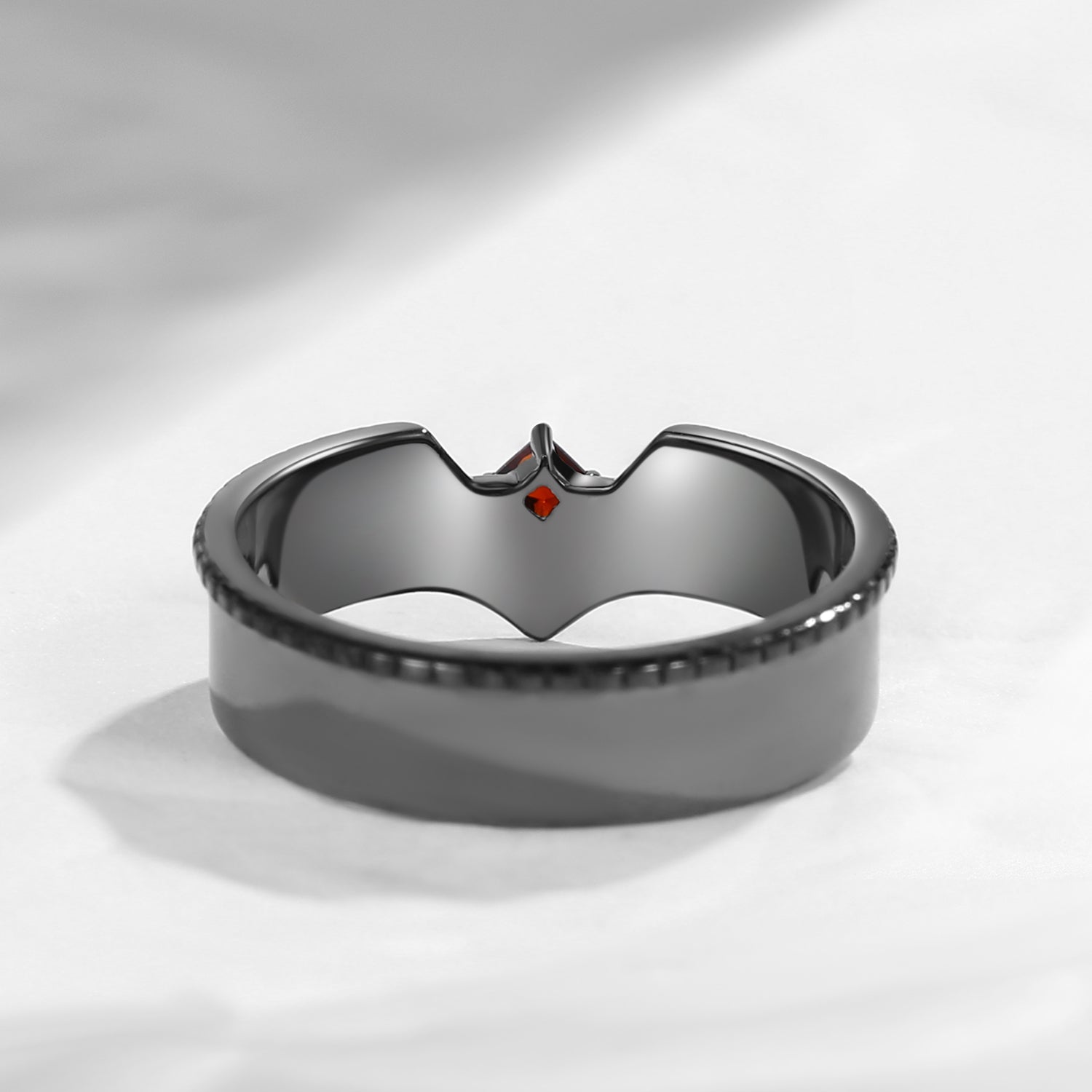Unique Princess Cut Garnet Black Gold Bat Wing Inspired Wedding Band For Men
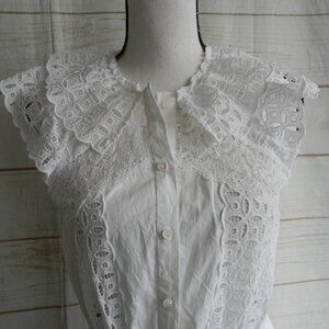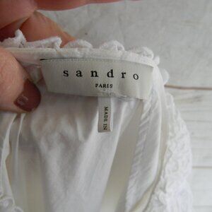 SANDRO COTTON EYELET LACE RUFFLE PEASANT BOHO DRESS SZ 38 US 6
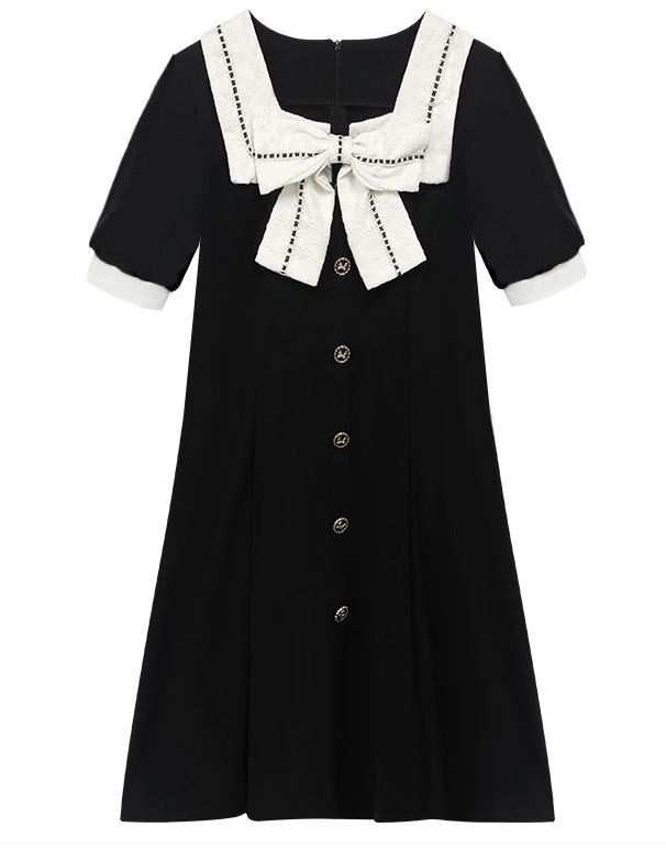 大码微胖女生法式蝴蝶结显瘦连衣裙女小众设计感胖mm梨型身材裙子
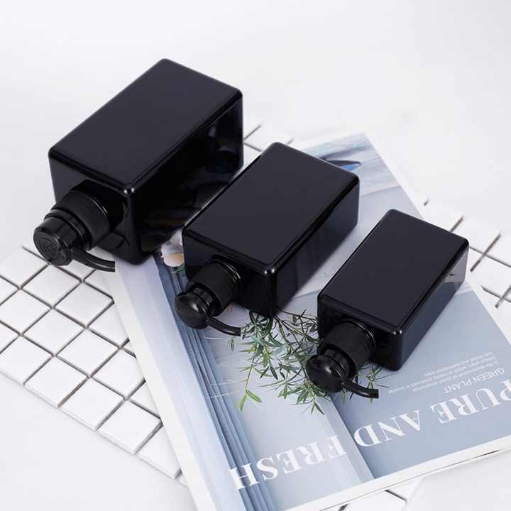 ขวดพลาสติกสีดำขนาด 500 มล. 1000 มล. สำหรับโลชั่นหรือสบู่ล้างมือ วัสดุ PET หรือ HDEP
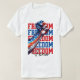 The central image is a dynamically rendered clenched fist painted with the stars and stripes of the American flag. Bold, stacked red typography emphatically repeats the word "FREEDOM", while the word "forever" is featured in a strong script underneath. This design is perfect for celebrating Independence Day (4th of July), Memorial Day, Veterans Day, or simply showing everyday USA pride and belief in the ideals of liberty.
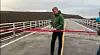 Statssekretær Stein Mathisen klipte snora og åpnet den nye vegstrekningen på E6 i Finnmark med ny bru over Vuolmmašjohka. Foto: Ida Lundgren Kristensen Statens vegvesen
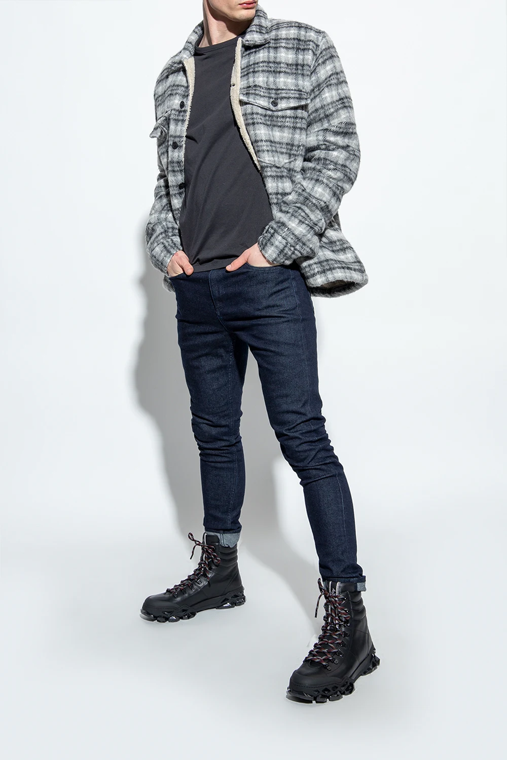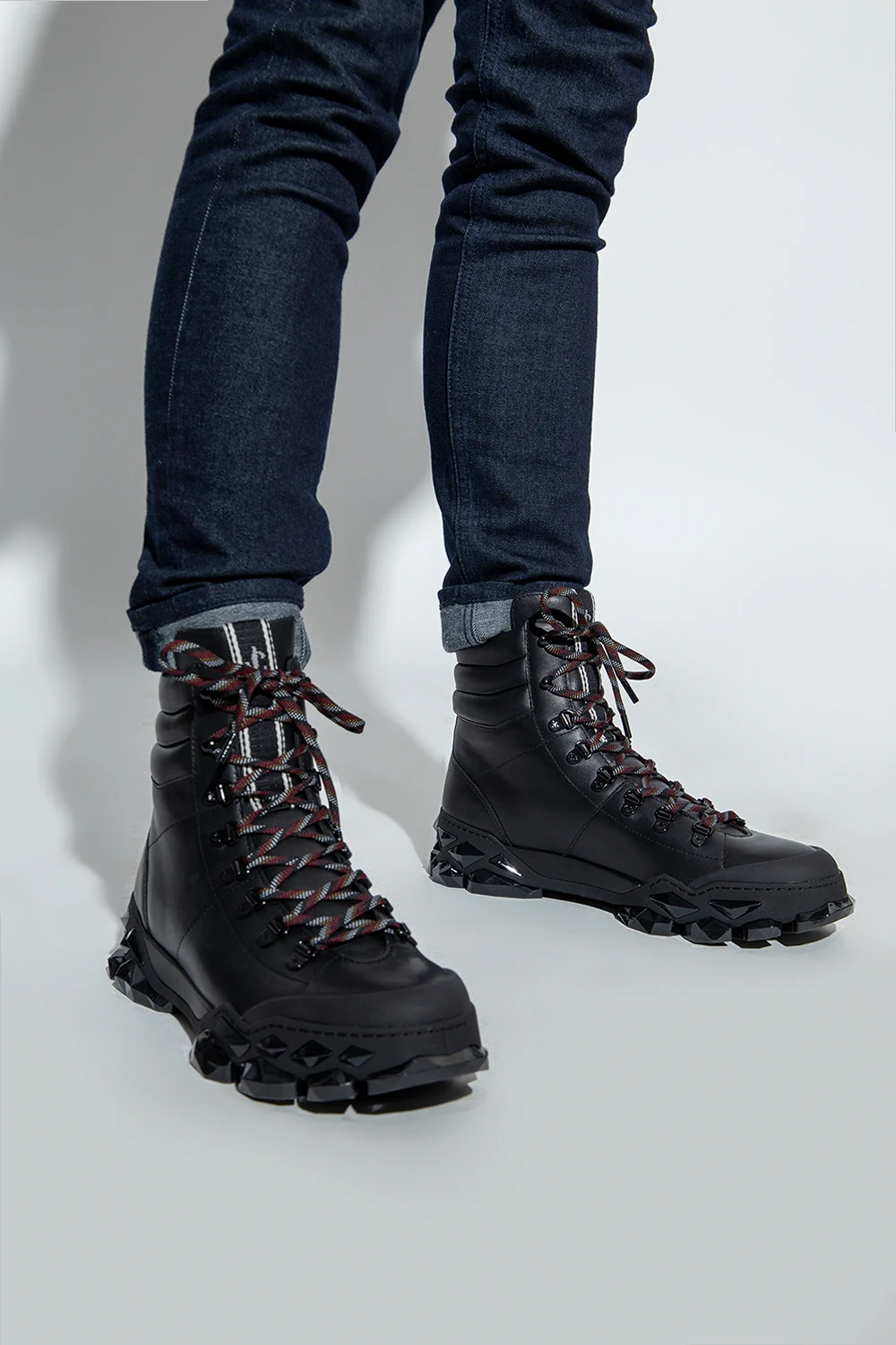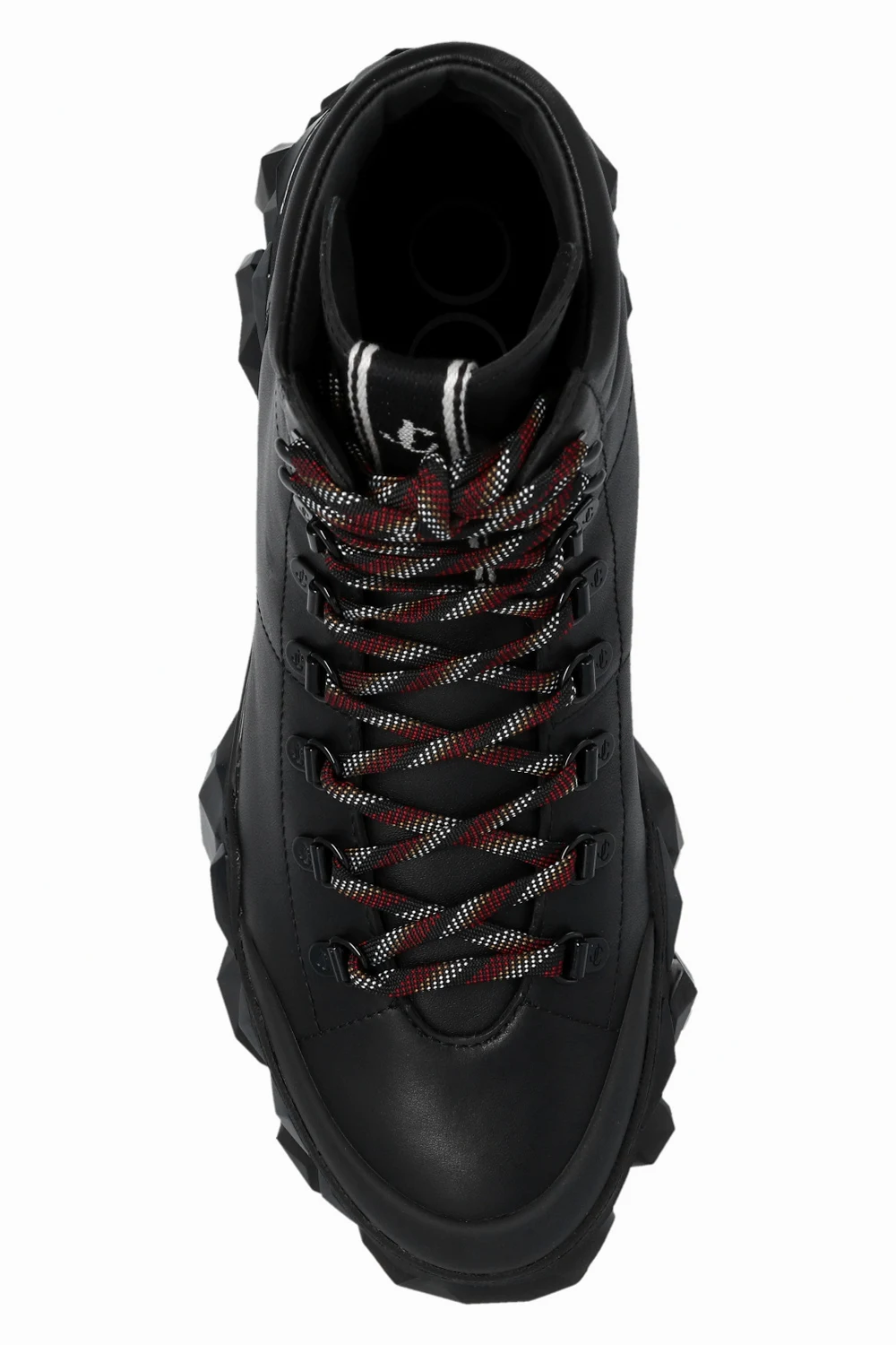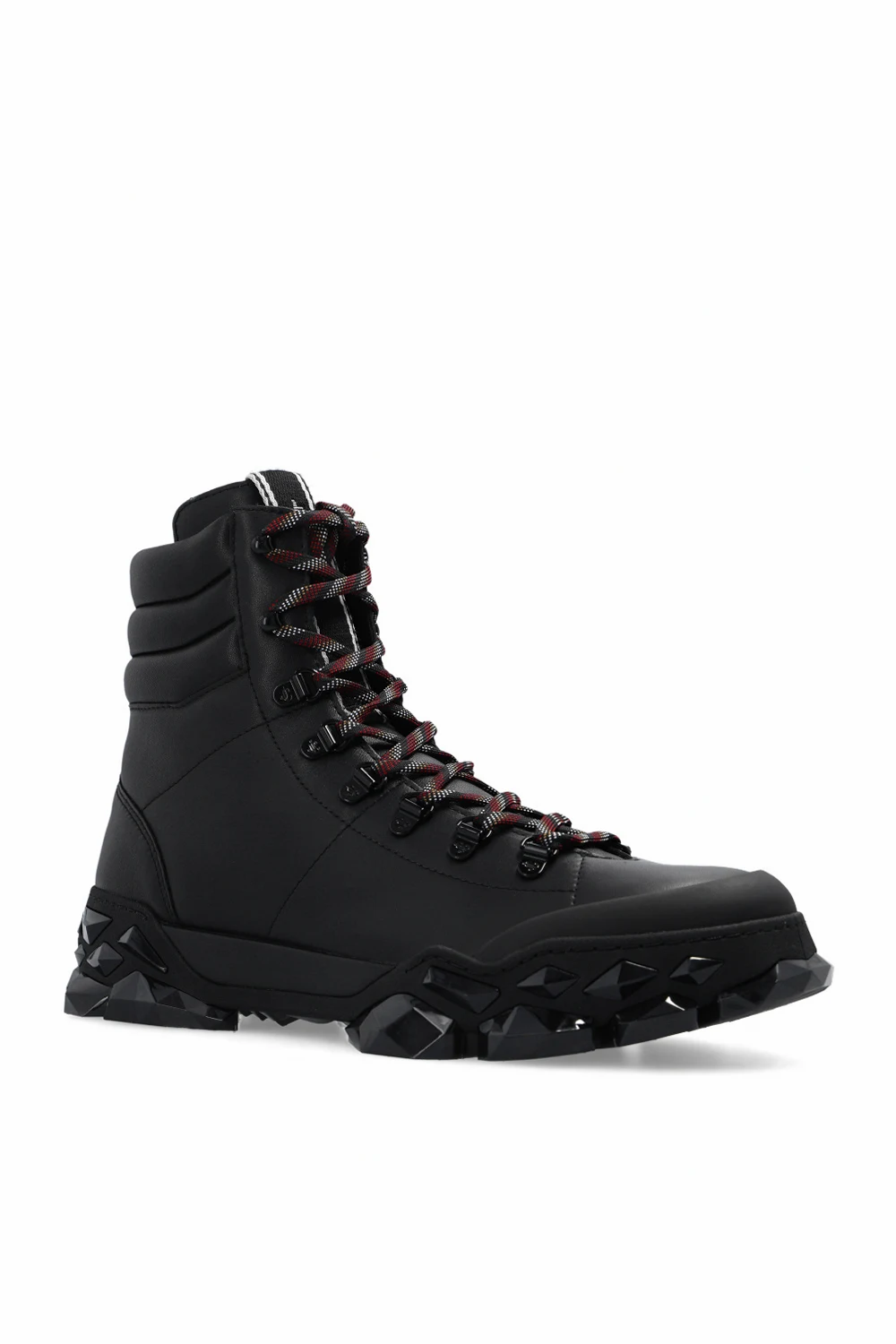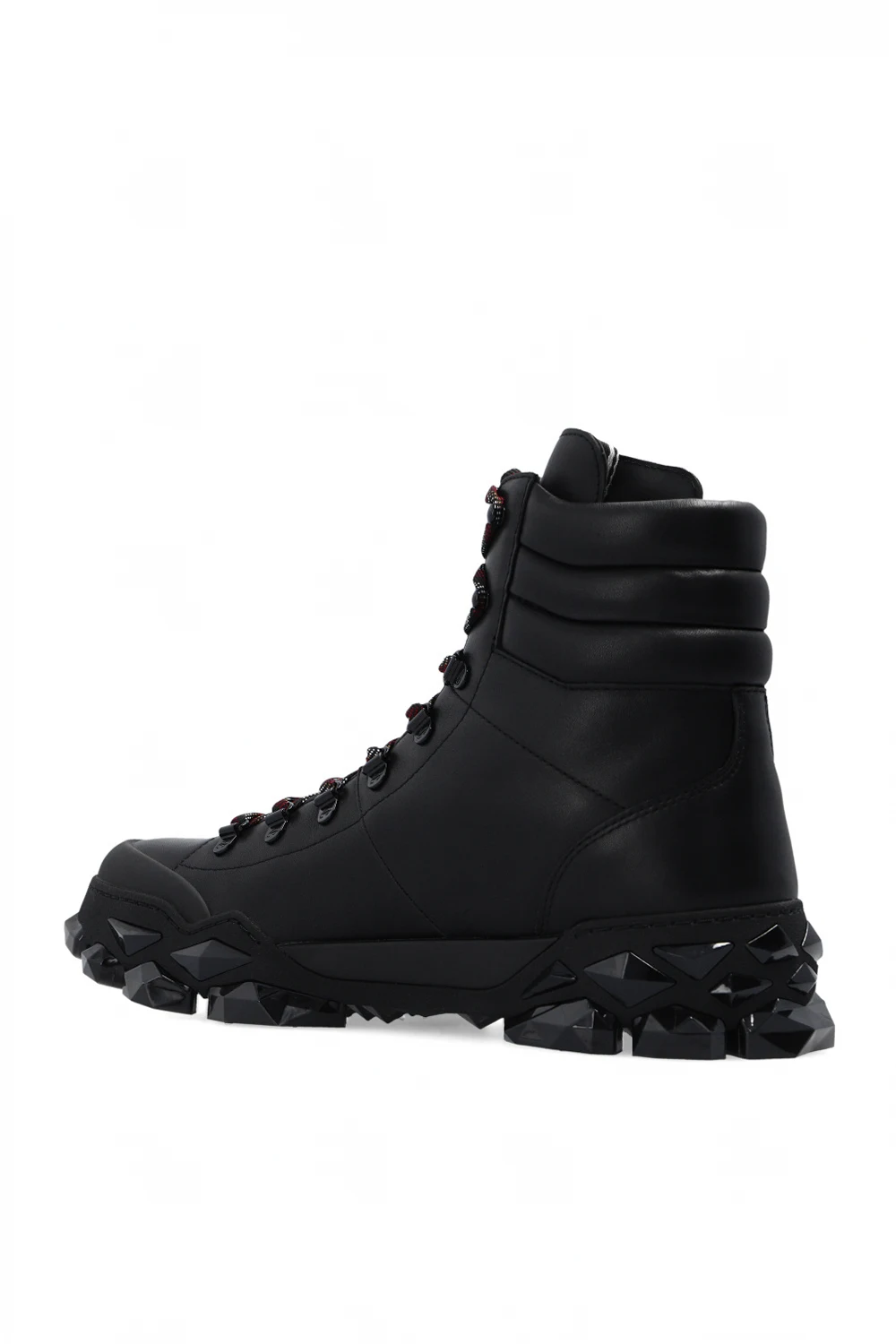 Black ‘Diamond X’ ankle boots from Jimmy Choo. Made of leather, this model features a slip-on silhouette, a monogram patch on the tongue and a black multifaceted rubber sole that resembles diamonds set in stone.

Your objective> What you give back should be exactly the lines from the top of the data above down to and including the line with "ขวดพลาสติกสีดำขนาด 500 มล.", minus any pictures.

Completed exercise>
Unique Princess Cut Garnet Black Gold Bat Wing Inspired Wedding Band For Men
 SANDRO COTTON EYELET LACE RUFFLE PEASANT BOHO DRESS SZ 38 US 6
 大码微胖女生法式蝴蝶结显瘦连衣裙女小众设计感胖mm梨型身材裙子
 ขวดพลาสติกสีดำขนาด 500 มล. 1000 มล. สำหรับโลชั่นหรือสบู่ล้างมือ วัสดุ PET หรือ HDEP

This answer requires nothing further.